- Opening Delimiter -

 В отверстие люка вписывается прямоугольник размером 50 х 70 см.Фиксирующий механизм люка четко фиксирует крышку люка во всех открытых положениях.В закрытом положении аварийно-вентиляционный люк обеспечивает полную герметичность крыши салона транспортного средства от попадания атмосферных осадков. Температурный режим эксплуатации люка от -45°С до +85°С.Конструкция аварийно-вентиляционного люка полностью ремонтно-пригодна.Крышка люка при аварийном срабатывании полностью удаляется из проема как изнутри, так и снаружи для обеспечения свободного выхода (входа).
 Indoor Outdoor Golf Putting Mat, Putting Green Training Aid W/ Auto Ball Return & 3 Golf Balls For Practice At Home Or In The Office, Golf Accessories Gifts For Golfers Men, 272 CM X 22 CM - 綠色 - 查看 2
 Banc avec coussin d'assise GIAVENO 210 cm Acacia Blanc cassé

- Closing Delimiter -
- Opening Delimiter -

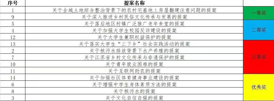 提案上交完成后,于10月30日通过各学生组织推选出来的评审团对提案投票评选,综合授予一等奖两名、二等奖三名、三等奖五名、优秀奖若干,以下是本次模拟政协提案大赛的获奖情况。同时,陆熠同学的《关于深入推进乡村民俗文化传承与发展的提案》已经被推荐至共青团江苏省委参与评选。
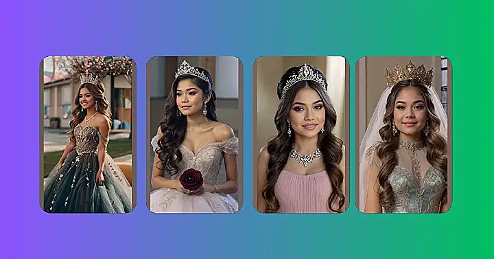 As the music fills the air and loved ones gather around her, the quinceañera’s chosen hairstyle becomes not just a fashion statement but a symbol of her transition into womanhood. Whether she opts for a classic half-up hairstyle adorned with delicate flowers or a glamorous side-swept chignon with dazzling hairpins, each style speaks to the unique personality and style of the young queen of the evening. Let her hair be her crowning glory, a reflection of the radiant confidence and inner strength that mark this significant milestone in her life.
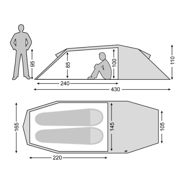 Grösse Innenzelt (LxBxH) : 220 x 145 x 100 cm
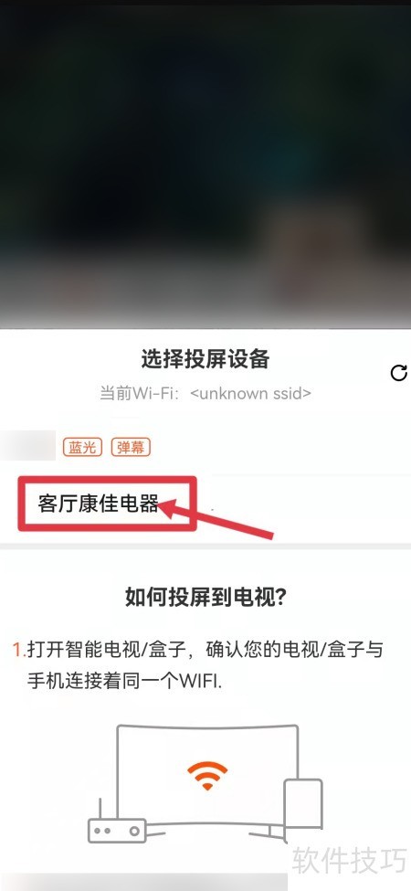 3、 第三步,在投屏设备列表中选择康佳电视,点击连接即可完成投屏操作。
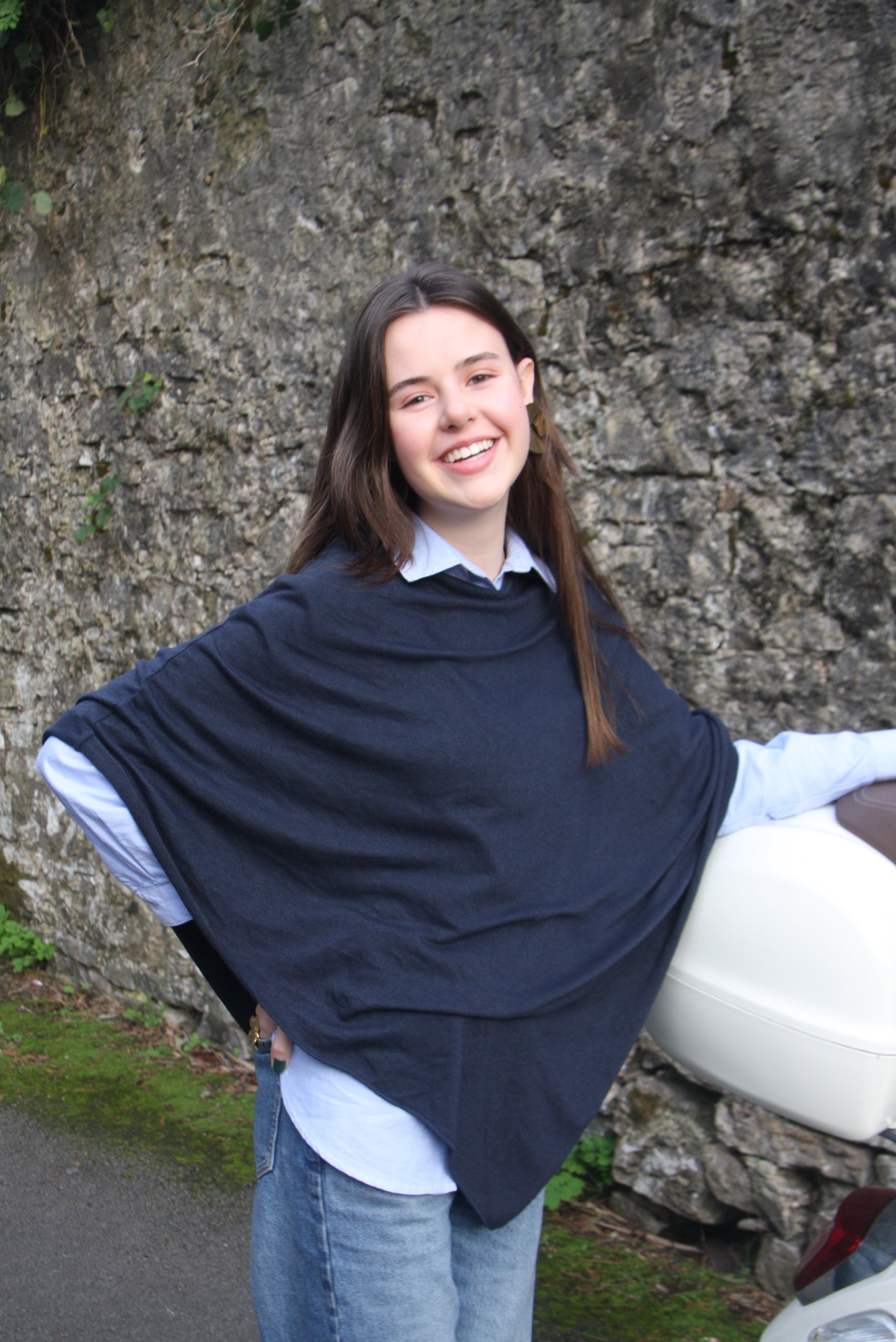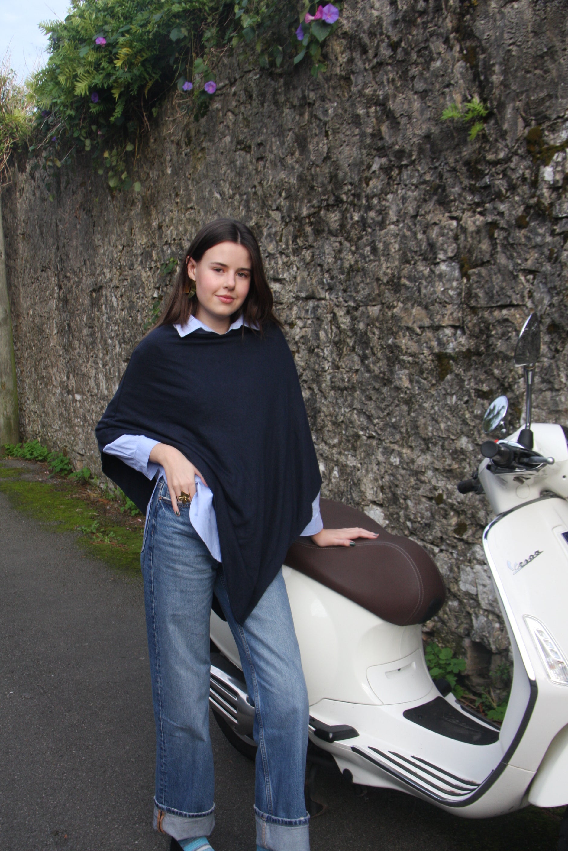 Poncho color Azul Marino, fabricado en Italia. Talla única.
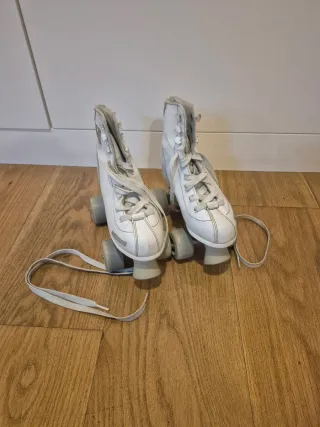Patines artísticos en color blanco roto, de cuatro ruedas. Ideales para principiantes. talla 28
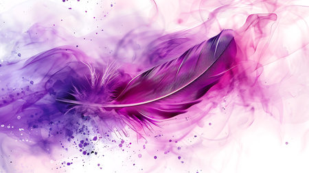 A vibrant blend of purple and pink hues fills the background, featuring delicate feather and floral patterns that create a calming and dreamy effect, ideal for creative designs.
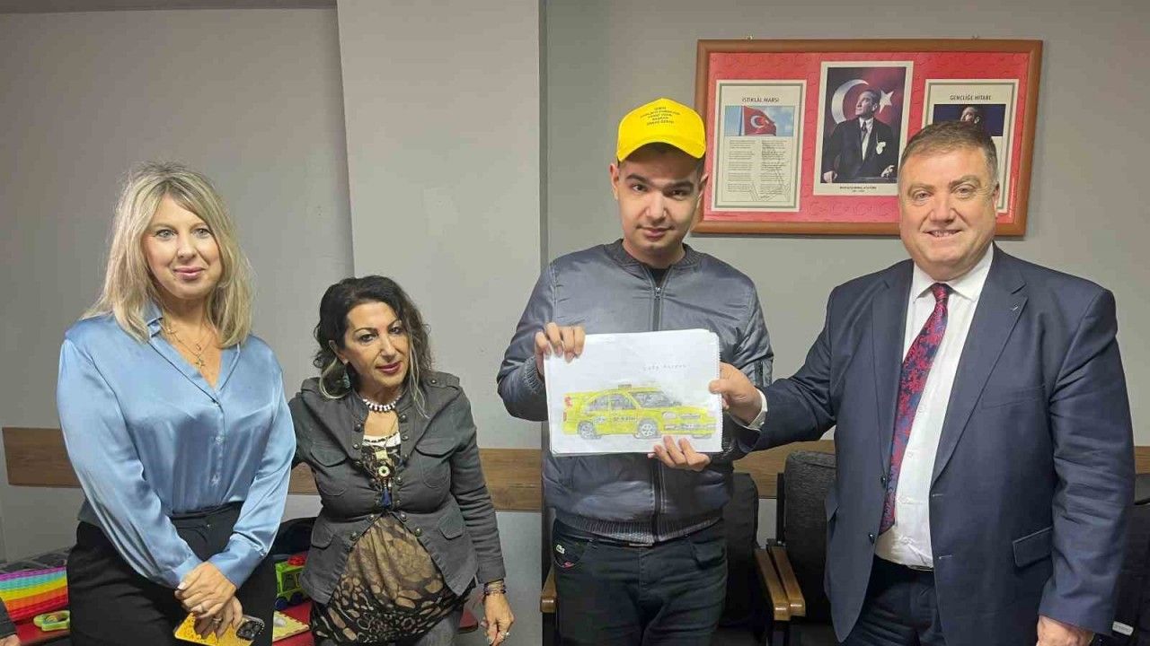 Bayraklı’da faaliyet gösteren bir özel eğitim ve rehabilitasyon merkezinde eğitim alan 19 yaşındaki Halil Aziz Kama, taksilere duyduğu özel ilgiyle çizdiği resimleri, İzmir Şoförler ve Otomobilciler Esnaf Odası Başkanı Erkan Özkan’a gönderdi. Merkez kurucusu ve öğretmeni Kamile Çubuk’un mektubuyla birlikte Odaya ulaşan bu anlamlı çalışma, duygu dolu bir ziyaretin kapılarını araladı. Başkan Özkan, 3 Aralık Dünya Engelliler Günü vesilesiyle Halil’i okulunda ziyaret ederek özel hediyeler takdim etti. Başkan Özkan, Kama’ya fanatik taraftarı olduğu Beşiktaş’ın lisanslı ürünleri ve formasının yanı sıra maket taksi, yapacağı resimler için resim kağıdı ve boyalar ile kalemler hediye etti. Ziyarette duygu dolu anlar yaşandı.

- Closing Delimiter -
- Opening Delimiter -

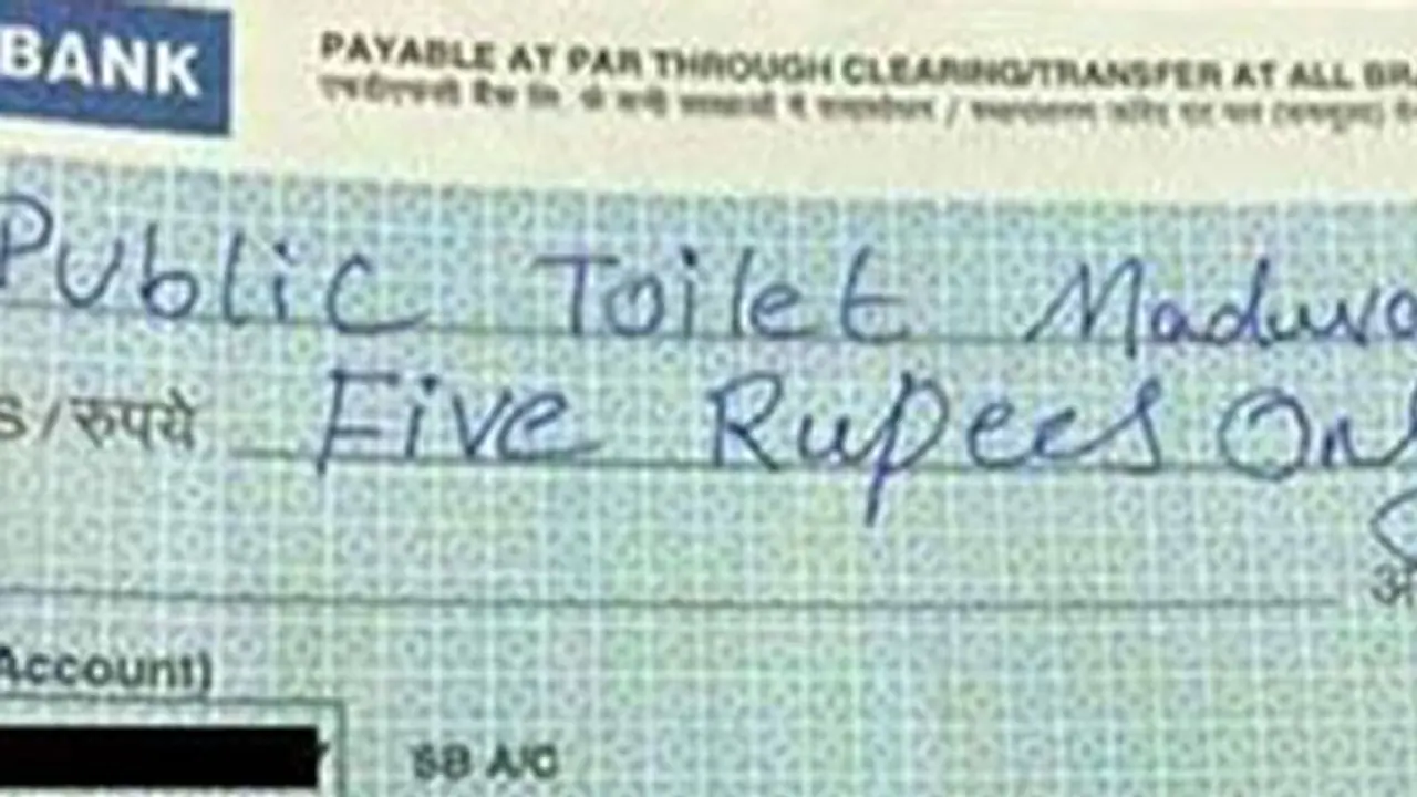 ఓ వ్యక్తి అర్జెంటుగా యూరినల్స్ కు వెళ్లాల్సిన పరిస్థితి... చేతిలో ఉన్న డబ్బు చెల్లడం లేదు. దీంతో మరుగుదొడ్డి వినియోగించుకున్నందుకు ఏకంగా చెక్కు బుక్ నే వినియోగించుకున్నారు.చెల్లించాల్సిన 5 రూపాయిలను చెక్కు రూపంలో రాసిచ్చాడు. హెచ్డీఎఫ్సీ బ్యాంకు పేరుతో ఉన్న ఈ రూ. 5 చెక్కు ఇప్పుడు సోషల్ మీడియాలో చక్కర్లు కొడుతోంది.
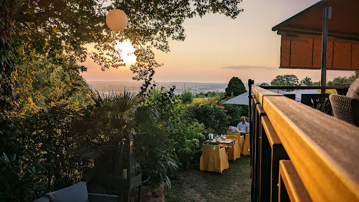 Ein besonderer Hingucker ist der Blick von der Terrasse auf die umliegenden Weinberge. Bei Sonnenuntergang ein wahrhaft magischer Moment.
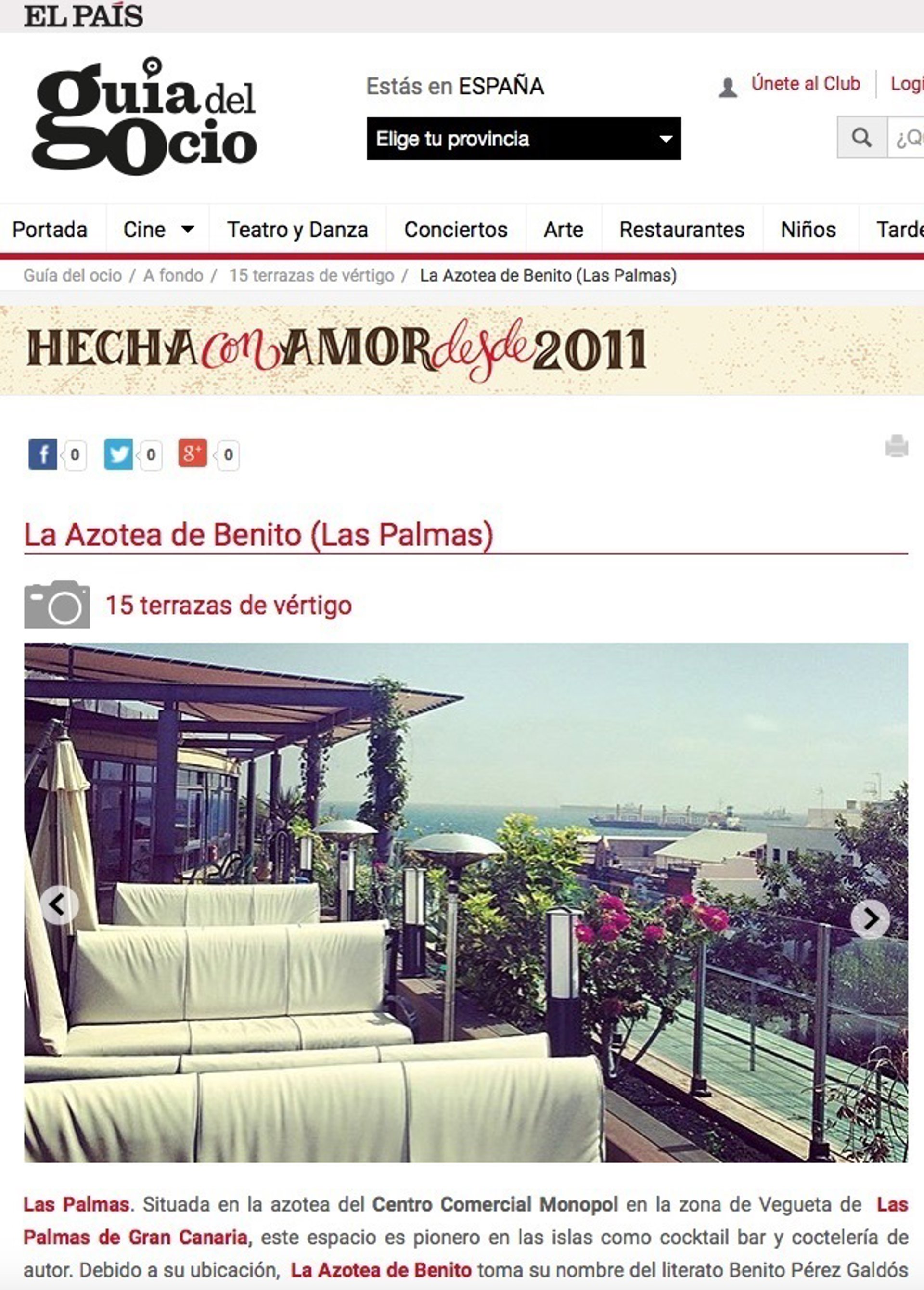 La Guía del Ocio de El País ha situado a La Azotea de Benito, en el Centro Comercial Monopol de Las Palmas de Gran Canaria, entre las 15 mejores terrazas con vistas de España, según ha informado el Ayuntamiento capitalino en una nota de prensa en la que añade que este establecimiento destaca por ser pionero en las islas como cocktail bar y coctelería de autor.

- Closing Delimiter -

WHAT IS EXPECTED: Look above for the line with "ఓ వ్యక్తి అర్జెంటుగా" and the line with "La Guía del", then restate exactly those two lines and all lines between them, with no pictures.

ANSWER TO THIS TASK:
 ఓ వ్యక్తి అర్జెంటుగా యూరినల్స్ కు వెళ్లాల్సిన పరిస్థితి... చేతిలో ఉన్న డబ్బు చెల్లడం లేదు. దీంతో మరుగుదొడ్డి వినియోగించుకున్నందుకు ఏకంగా చెక్కు బుక్ నే వినియోగించుకున్నారు.చెల్లించాల్సిన 5 రూపాయిలను చెక్కు రూపంలో రాసిచ్చాడు. హెచ్డీఎఫ్సీ బ్యాంకు పేరుతో ఉన్న ఈ రూ. 5 చెక్కు ఇప్పుడు సోషల్ మీడియాలో చక్కర్లు కొడుతోంది.
 Ein besonderer Hingucker ist der Blick von der Terrasse auf die umliegenden Weinberge. Bei Sonnenuntergang ein wahrhaft magischer Moment.
 La Guía del Ocio de El País ha situado a La Azotea de Benito, en el Centro Comercial Monopol de Las Palmas de Gran Canaria, entre las 15 mejores terrazas con vistas de España, según ha informado el Ayuntamiento capitalino en una nota de prensa en la que añade que este establecimiento destaca por ser pionero en las islas como cocktail bar y coctelería de autor.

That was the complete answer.